EAGLE3 includes an optimization that prunes the vocabulary used during draft generation, reducing compute at the draft head. On coding and math domains, the impact is minimal; those domains use a relatively small and predictable token subset. On multilingual, RAG, and summarization domains, the impact is substantial: acceptance lengths drop noticeably when the pruned vocabulary excludes tokens common in those categories.

This finding would not appear under low-diversity benchmarking. An evaluation of EAGLE3 restricted to HumanEval and GSM8K would conclude that vocabulary pruning is essentially free. Teams deploying speculative decoding on multilingual workloads or document-heavy RAG pipelines should treat vocabulary pruning as a tunable parameter rather than a safe default, and benchmark their specific domain distribution before enabling it.

Throughput at Scale

The benchmark’s throughput split extends the qualitative findings to realistic serving conditions. It uses fixed input sequence length (ISL) buckets from 1k to 32k tokens with 1,536 prompts per bucket, split across low, mixed, and high-entropy difficulty levels. Batch sizes run up to 512, enabling Pareto curves that plot total output tokens per second against per-user tokens per second across concurrency levels.

Speculative decoding’s efficiency profile changes substantially with batch size. At batch size 1, the GPU is memory-bandwidth-bound and draft verification costs little extra compute; this is where the technique provides the most benefit. At large batch sizes, the GPU becomes more compute-bound, and the overhead of generating and verifying drafts accumulates. Reporting a single headline throughput number without specifying batch size and ISL conceals this tradeoff almost entirely, which has been standard practice in most published evaluations.

Integration with Production Engines

The benchmark integrates with TensorRT-LLM, vLLM, and SGLang through a pre-tokenization step that handles tokenizer differences externally, ensuring the same tokens reach each engine. This produces consistent measurements across frameworks that would otherwise differ in tokenization handling and timing instrumentation.

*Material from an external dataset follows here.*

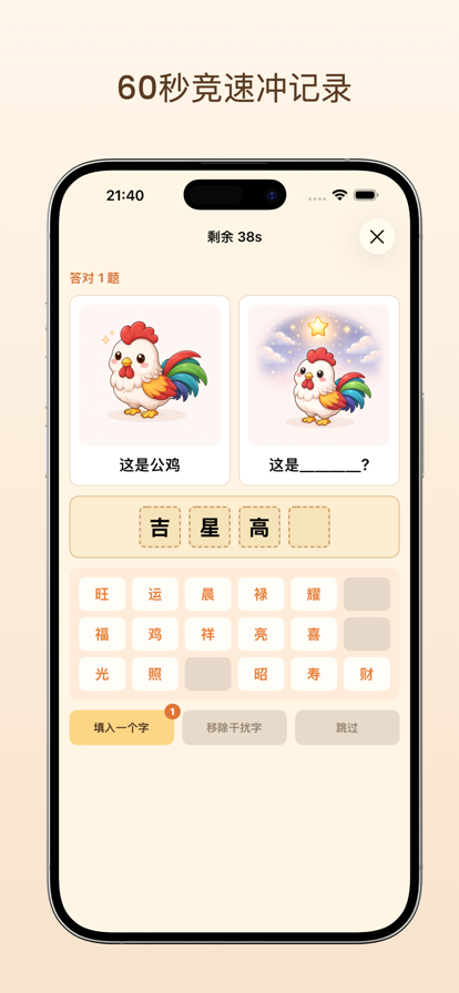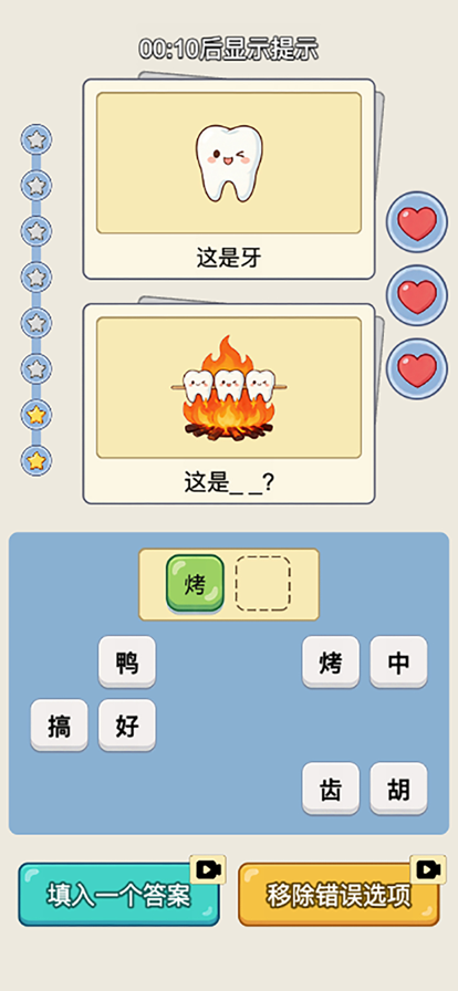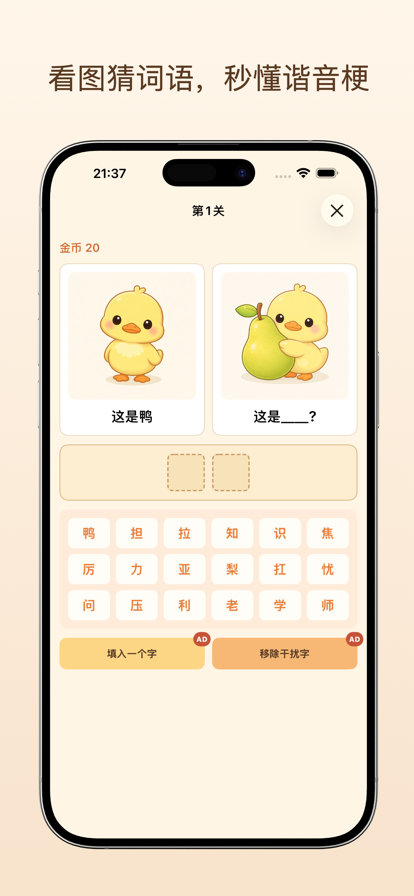 一款轻松上头的谐音梗猜词游戏! 看两张图,猜一个词,越玩越上头。 【两种玩法,随时开玩】 - 单人闯关:从简单到离谱,越玩越停不下来 - 60秒竞速:手速脑速一起拉满,冲击最高记录 【关键时刻,道具救场】 - 填入一个字:卡关时一招破局 - 移除干扰字:快速排除错误答案 题目有趣、节奏轻快、随时来一局。 快来试试你是不是天生梗王!

A representative run against TensorRT-LLM with EAGLE3:

mpirun -n 1 --oversubscribe python3 run.py \
  --model_dir meta-llama/Llama-3.3-70B-Instruct \
  --tokenizer meta-llama/Llama-3.3-70B-Instruct \
  --draft_model_dir yuhuili/EAGLE3-LLaMA3.3-Instruct-70B \
  --dataset speed \
  --dataset_path data/speed/qualitative \
  --tp_size 8 \
  --draft_length 3 \
  --output_length 4096 \
  --engine TRTLLM \
  --concurrency 32 \
  --show_progress

The dataset is available at nvidia/SPEED-Bench on Hugging Face and the measurement framework lives in NVIDIA’s Model Optimizer repository.

What This Changes

The speculative decoding field has had a measurement problem since its inception. Each paper has optimized for its chosen evaluation set, and because those sets concentrated on high-acceptance domains, the performance numbers have not translated cleanly to production systems serving diverse request distributions. SpecBench, an earlier attempt at standardization from Xia et al., covered six tasks but still lacked the semantic diversity mechanisms, ISL-bucketed throughput measurement, and multi-engine consistency that SPEED-Bench provides.

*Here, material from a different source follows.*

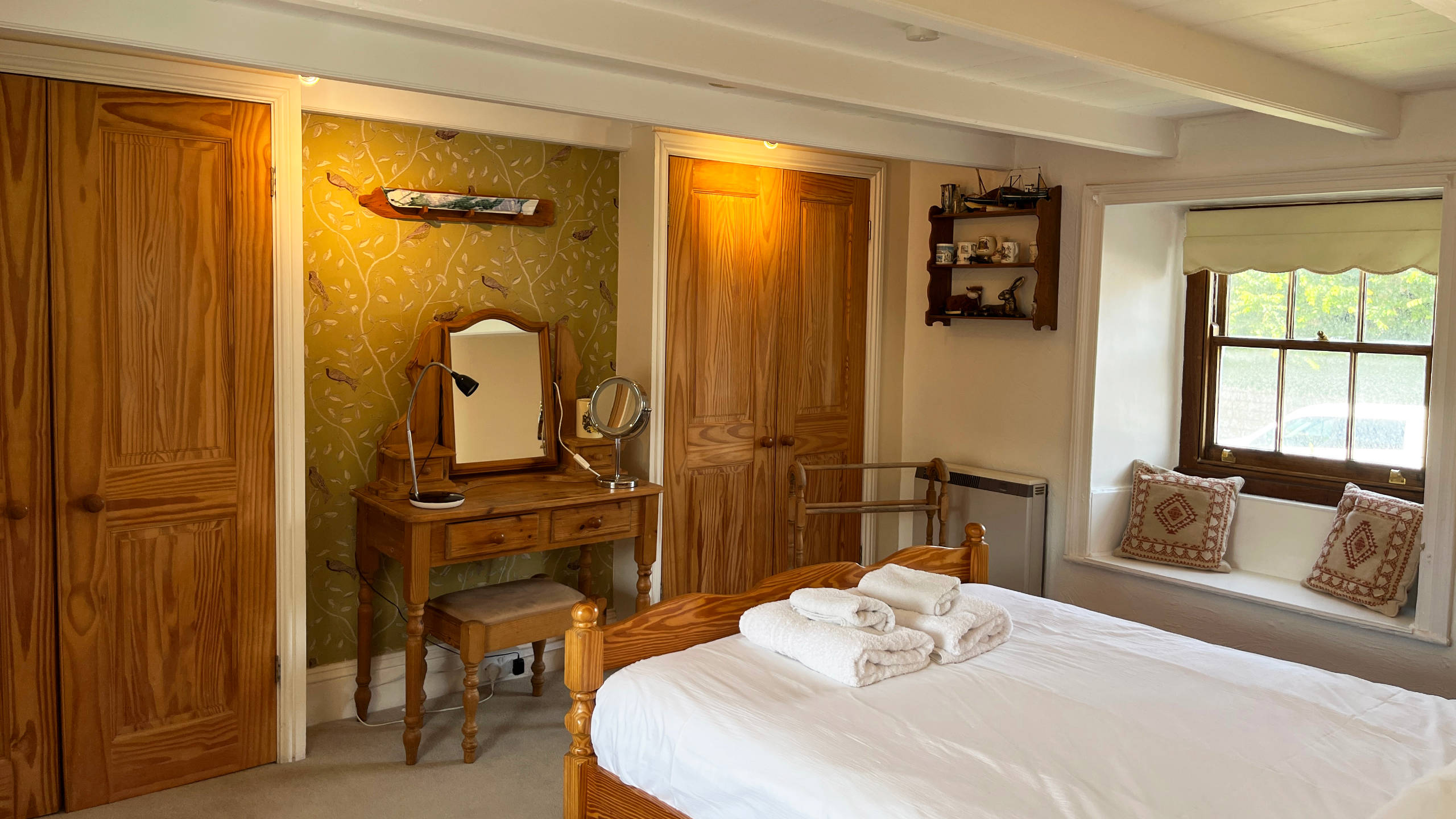 Double bedded room with recessed full height cupboards, dressing table, night storage heater and sash window to the front garden and UPVS window to the rear garden. Fully carpeted floor with a beamed ceiling.
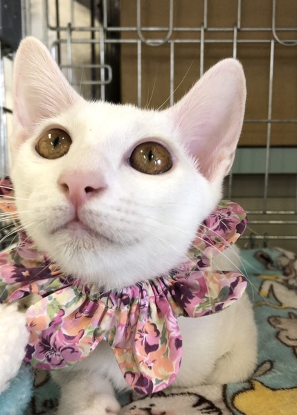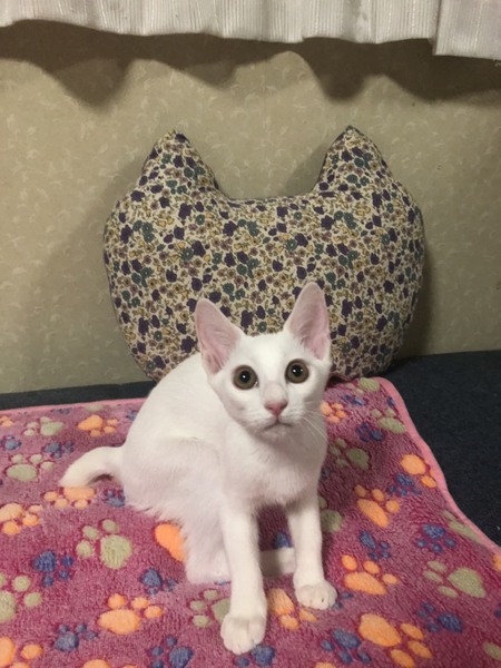 | 特徴(性格など) | 2020.6.5生まれ(推定) 毛色:白 兄妹の中でも1番小柄な白猫の女の子。 運動神経がバツグンに良く、兄妹達を毎日ハァーハァー言わせています(笑) 人の足元をチョンとして走り去るのは、追いかけっこのお誘いのようだけど、 怪我するといけないので(人間が)お断りしています。 疲れ知らずの元気っ子パピコと、たくさん遊んであげてください。 兄妹一緒のお迎えも可能です。ご相談くださいませ。 |

SPEED-Bench surfaces the 23% throughput overestimation from random token inputs, domain-specific degradation from vocabulary pruning, MoE routing artifacts from synthetic data, and the real cost of N-gram speculation at production batch sizes. These findings are not visible under the evaluation methodology that most of the literature has used.

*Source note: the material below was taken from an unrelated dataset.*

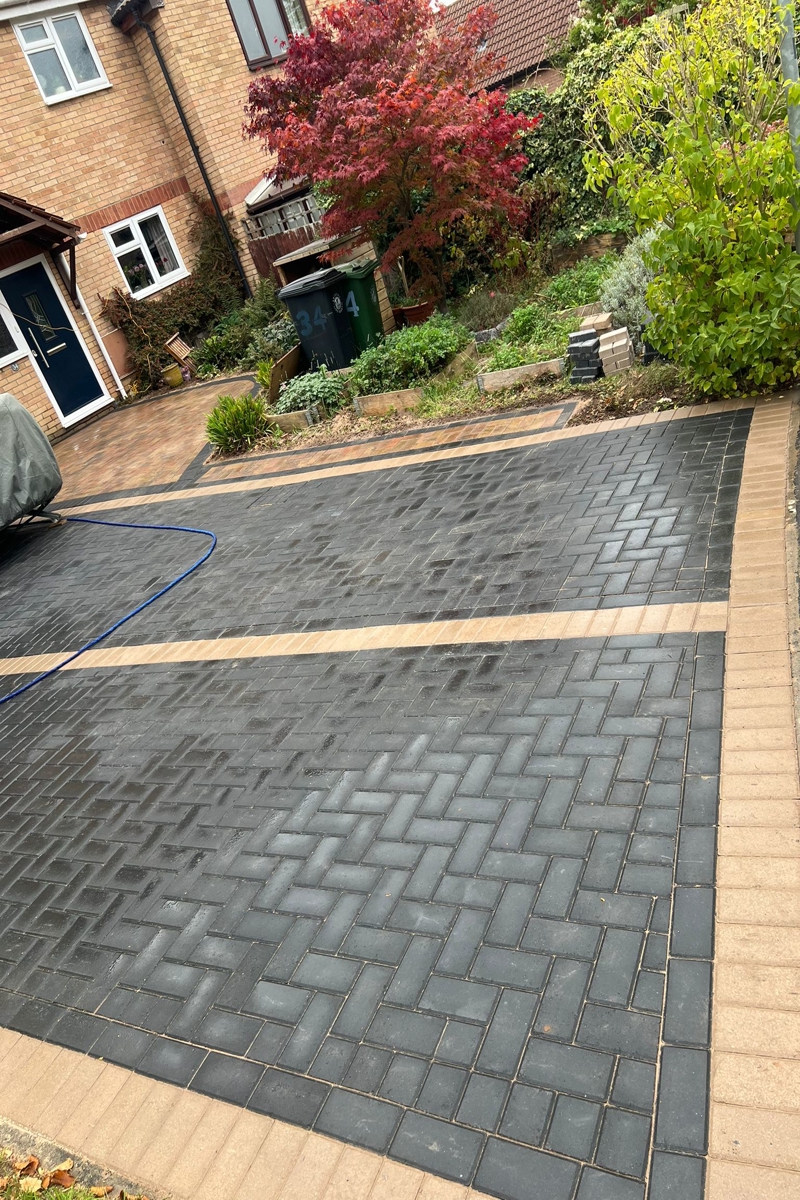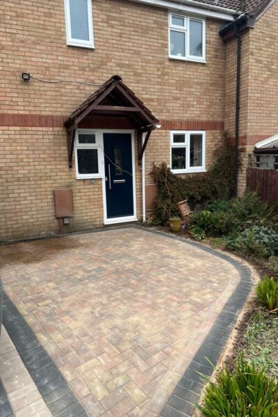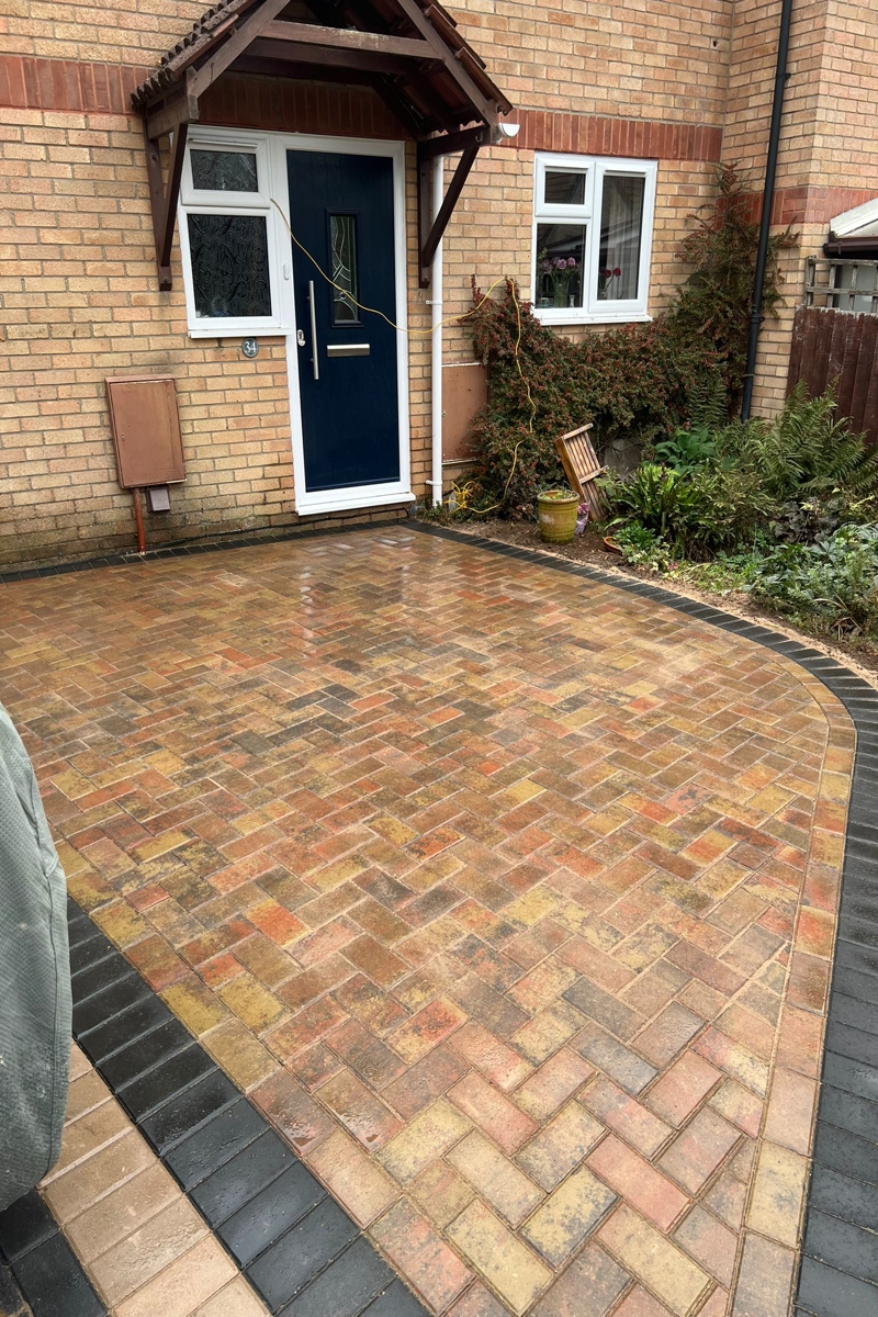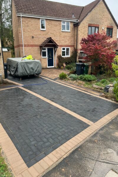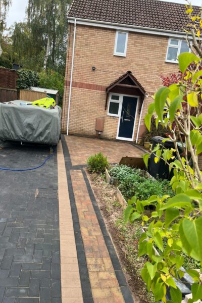 Enhance your home's frontage with our skilled installation of a new block paving area in Bradley Stoke, South Gloucestershire. Blending warm Autumn mix blocks with sleek charcoal accents, this durable design creates a welcoming, low-maintenance entrance that boosts kerb appeal and stands up to daily traffic.

Whether teams adopt SPEED-Bench directly or borrow its methodology, the benchmark makes explicit what has been missing from evaluation practice. The acceptance length measured on coding tasks is not the acceptance length a production assistant will see on a mixed workload of multilingual queries, document summarization, and open-ended generation. Measuring the gap between those two numbers is what SPEED-Bench was built to do, and the results suggest the gap has been larger than the field has acknowledged.